** Data follows **

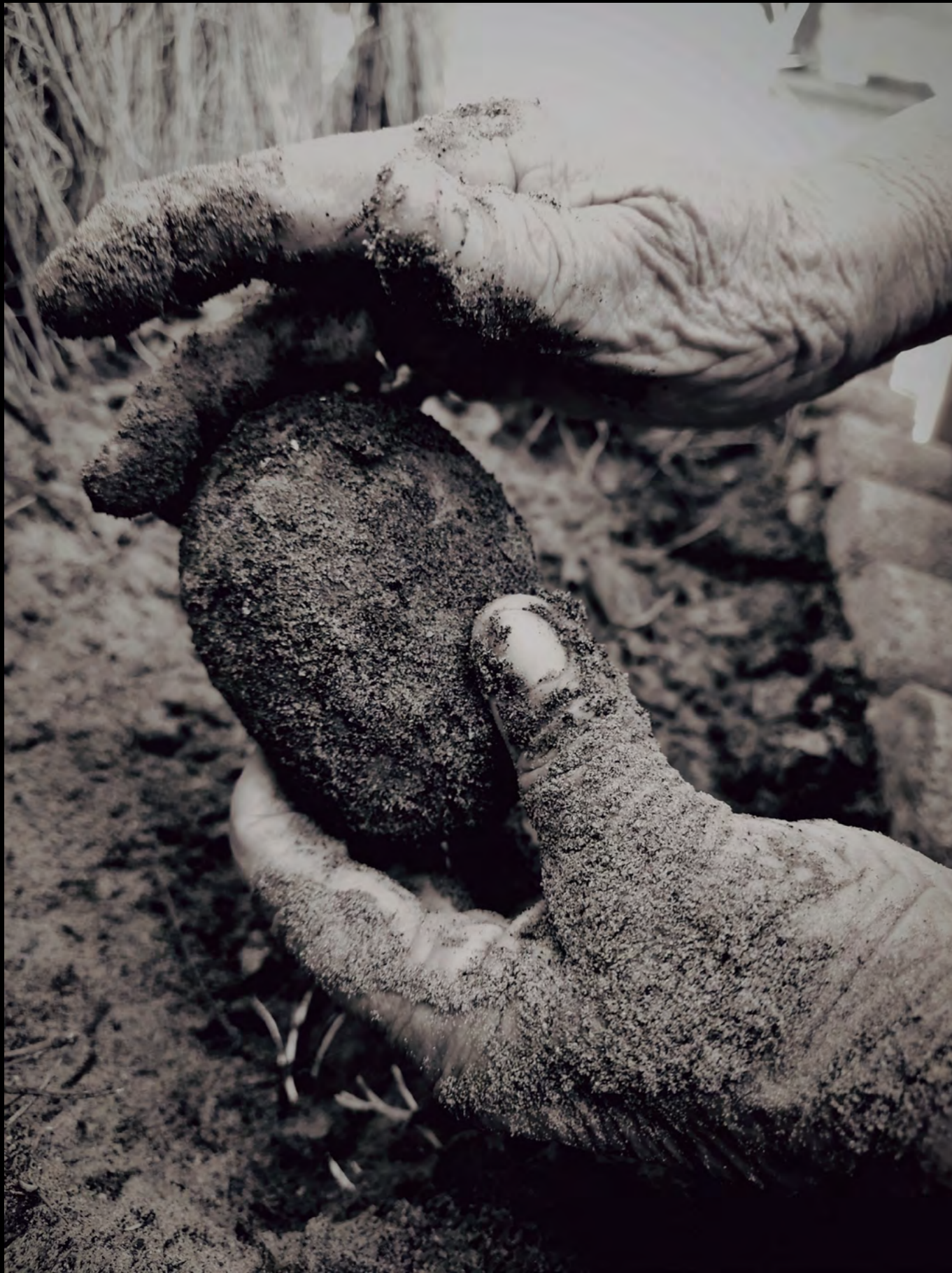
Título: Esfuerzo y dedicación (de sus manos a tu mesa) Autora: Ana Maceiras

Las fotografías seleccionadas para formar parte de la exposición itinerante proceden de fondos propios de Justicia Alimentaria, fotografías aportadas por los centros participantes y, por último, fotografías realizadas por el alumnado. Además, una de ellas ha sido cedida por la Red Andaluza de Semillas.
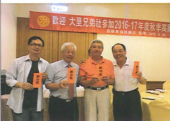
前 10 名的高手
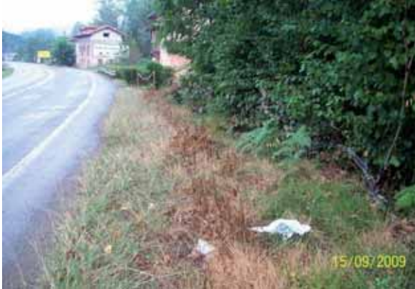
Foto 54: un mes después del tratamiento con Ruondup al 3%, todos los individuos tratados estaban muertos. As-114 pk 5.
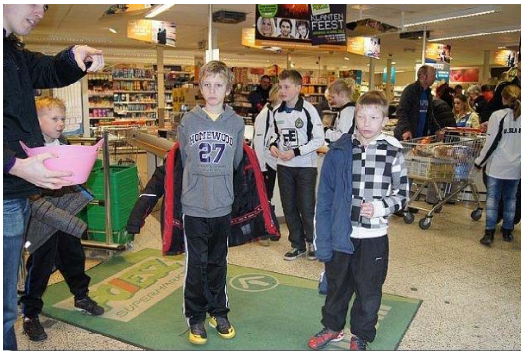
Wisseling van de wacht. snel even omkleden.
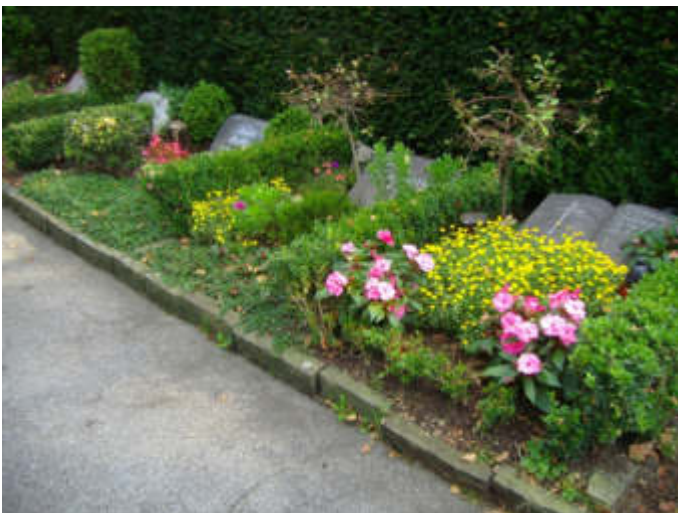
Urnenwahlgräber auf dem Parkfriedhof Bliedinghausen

** End of Data **

**What the exercise asks:** Within the entries above, the lines from the one with "Foto 54: un" through the final line are to be printed exactly, with the pictures removed.

**Solution for this task:**
Foto 54: un mes después del tratamiento con Ruondup al 3%, todos los individuos tratados estaban muertos. As-114 pk 5.
Wisseling van de wacht. snel even omkleden.
Urnenwahlgräber auf dem Parkfriedhof Bliedinghausen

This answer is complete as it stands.